I want to write large files (streamed over the web or another source) as fast (and as parallel) as possible! I am coding this in C#. And it acts like a download manager; so if streaming got interrupted, it can carry on later.
The answer (as so often) depends on your usage. The whole operating system is one big tradeoff between different use scenarios. For the NTFS filesystem one could mention block size set to 4k, NTFS storing files less than block size in MTF, size of files, number of files, fragmentation, etc.
If you are planning to write large files then a block size of 64k may be good. That is if you plan to read large amounts of data. If you read smaller amounts of data then smaller sizes are good. The OS works in 4k pages, so 4k is good. Compression (and encryption?) as well as SQL and Exchange only work on 4k pages (iirc).
If you write small files (<4k)they will be stored inside the MFT so you don't have to make "an ekstra jump". This is especially useful in write operations (read may have MFT cached). MFT stores files in sequences (i.e. blocks 1000-1010,2000-2010) so fragmentation will make the MFT bigger. Writing files to disk in parallell is one of the main causes to fragmentation, the other is deleting files. You may pre-allocate the required size for a file and Windows will try to find a suitable place on the disk to counter fragmentation. There are also real-time defragmentation programs like O&O Defrag.

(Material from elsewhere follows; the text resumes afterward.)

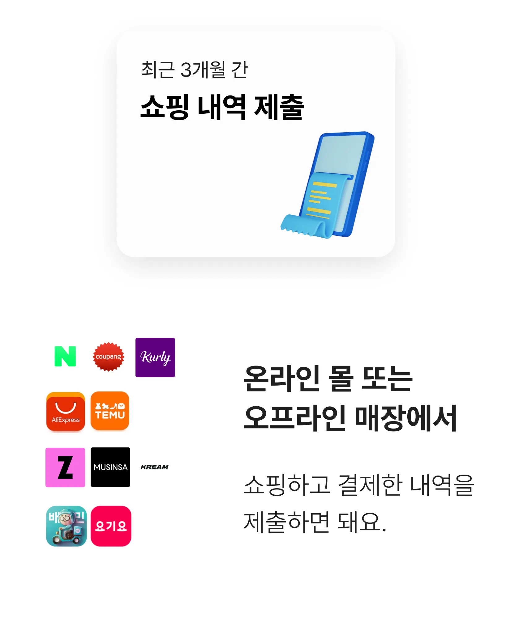 사전에 깜짝 이벤트로 [쇼핑 내역을 제출하고 돈 빌리기] 상품을 중간 중간 오픈런할 예정이니 기대해 주세요!

Windows maps a binarystream pretty much directly to the physical location on the disk, so using different read/write methods will not yield as much performance boost as other factors. For maximum speed programs use technieue for direct memory mapping to disk. See http://en.wikipedia.org/wiki/Memory-mapped_file
There is an option in Windows (under Device Manager, Harddisks) to increase caching on the disk. This is dangerous as ut could damage the filesystem if the computer bluescreens or looses power, but gives a big performance boost on writing smaller files (and on all writes). If the disk is busy this is especially valuable as the seek-time will decrease. Windows use what is called the elevator algorithm which basically means it moves the harddisk heads over the surface back and forth serving any application in the direction it is moving.